Ferreira Gullar é um poeta famoso, que tem pelo menos duas faces mais consagradas na literatura brasileira: a de poeta engajado – tendo participado fortemente da luta contra a ditadura e pela revolução social no país, com uma vasta lírica política – e a de polêmico, por conta principalmente de sua conversão ao liberalismo e ao conservadorismo, sobretudo a partir dos anos 2000. 

Tentando escapar um pouco dessas duas máscaras, decidimos trazer três poemas de Ferreira Gullar. São textos que fazem parte de uma de suas obras que acabou ficando esquecida nas prateleiras de sebos, mas que demonstra um intenso diálogo do poeta com a tradição surrealista e concretistas, e suas tentativas de encontrar uma linguagem mais pessoal.

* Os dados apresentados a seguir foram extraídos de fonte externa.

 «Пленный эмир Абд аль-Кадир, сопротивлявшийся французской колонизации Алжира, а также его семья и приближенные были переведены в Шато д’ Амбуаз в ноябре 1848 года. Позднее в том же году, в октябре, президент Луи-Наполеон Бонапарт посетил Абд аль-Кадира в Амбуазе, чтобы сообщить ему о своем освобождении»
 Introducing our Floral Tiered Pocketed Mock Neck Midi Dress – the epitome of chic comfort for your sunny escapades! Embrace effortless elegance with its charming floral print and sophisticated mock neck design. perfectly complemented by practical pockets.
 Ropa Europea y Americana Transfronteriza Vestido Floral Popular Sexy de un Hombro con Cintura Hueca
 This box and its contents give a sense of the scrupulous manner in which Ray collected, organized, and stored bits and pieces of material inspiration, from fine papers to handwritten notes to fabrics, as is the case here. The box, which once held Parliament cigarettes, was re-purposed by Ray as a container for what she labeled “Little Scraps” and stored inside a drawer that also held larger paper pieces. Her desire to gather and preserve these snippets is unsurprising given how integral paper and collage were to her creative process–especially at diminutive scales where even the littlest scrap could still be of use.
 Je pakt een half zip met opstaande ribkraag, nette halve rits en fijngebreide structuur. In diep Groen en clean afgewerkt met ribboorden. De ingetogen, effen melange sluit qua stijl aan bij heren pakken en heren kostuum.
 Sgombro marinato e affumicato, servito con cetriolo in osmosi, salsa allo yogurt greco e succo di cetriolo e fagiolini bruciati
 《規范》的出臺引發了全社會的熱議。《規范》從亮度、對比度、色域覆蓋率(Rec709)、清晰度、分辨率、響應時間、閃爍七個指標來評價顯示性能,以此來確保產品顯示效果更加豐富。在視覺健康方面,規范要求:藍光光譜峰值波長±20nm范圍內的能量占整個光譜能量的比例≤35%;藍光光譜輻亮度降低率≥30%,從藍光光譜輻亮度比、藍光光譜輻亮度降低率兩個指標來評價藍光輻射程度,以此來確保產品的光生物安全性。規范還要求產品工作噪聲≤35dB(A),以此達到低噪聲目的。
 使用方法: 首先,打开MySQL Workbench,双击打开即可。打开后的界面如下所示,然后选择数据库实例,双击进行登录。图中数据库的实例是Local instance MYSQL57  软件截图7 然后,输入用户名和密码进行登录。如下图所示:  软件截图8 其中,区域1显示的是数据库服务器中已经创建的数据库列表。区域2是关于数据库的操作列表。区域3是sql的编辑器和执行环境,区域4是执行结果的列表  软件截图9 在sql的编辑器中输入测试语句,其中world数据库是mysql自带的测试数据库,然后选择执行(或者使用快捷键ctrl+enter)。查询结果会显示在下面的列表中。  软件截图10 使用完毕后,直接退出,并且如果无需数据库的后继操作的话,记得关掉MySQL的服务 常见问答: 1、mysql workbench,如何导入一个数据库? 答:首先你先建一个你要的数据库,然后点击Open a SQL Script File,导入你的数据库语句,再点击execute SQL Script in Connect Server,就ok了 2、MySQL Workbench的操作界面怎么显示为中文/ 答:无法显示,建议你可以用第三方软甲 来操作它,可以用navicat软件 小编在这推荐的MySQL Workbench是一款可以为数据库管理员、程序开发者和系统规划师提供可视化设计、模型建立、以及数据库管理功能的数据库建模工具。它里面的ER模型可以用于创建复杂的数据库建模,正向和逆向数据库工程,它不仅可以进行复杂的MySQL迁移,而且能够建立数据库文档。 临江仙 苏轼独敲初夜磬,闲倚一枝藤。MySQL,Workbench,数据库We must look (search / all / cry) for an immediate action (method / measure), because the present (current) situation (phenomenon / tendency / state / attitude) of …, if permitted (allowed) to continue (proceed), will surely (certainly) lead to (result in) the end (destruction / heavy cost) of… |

Com vocês, três poemas de Vil metal!

Escrito

A prata é um vegetal como a alface.
Primaveril, frutifica em setembro.
É branca, dúctil, dócil (como diz a Lucy)
e, em março, venenosa.

O cobre é um metal que se extrai da flor do fumo.
Tem o azul do açúcar.
É turvo, doce e disfarçado.

O ouro é híbrido — flor e alfabeto.
Osso de mito, quando oiro é teia de abelha.
A precisão do maduro. Dele se fabricam a urina e a velhice.

Frutas

Sobre a mesa no domingo
(o mar atrás)
duas maçãs e oito bananas num prato de louça
São duas manchas vermelhas e uma faixa amarela
com pintas de verde selvagem:
uma fogueira sólida
acesa no centro do dia
O fogo é escuro e não cabe hoje nas frutas:
chamas,
as chamas do que está pronto e alimenta.

Recado

Os dias, os canteiros,
deram agora para morrer como nos museus
em crepúsculos de convalescença e verniz
a ferrugem substituída ao pólen vivo.
São frutas de parafina
pintadas de amarelo e afinadas
na perspectiva de febre que mente a morte.
Ao responsável por isso,
quem quer que seja,
mando dizer que tenho um sexo
e um nome que é mais que um púcaro de fogo:
meu corpo multiplicado em fachos.
Às mortes que me preparam e me servem
na bandeja
sobrevivo,
que a minha eu mesmo a faço, sobre a carne da perna,
certo,
como abro as páginas de um livro
— e obrigo o tempo a ser verdade.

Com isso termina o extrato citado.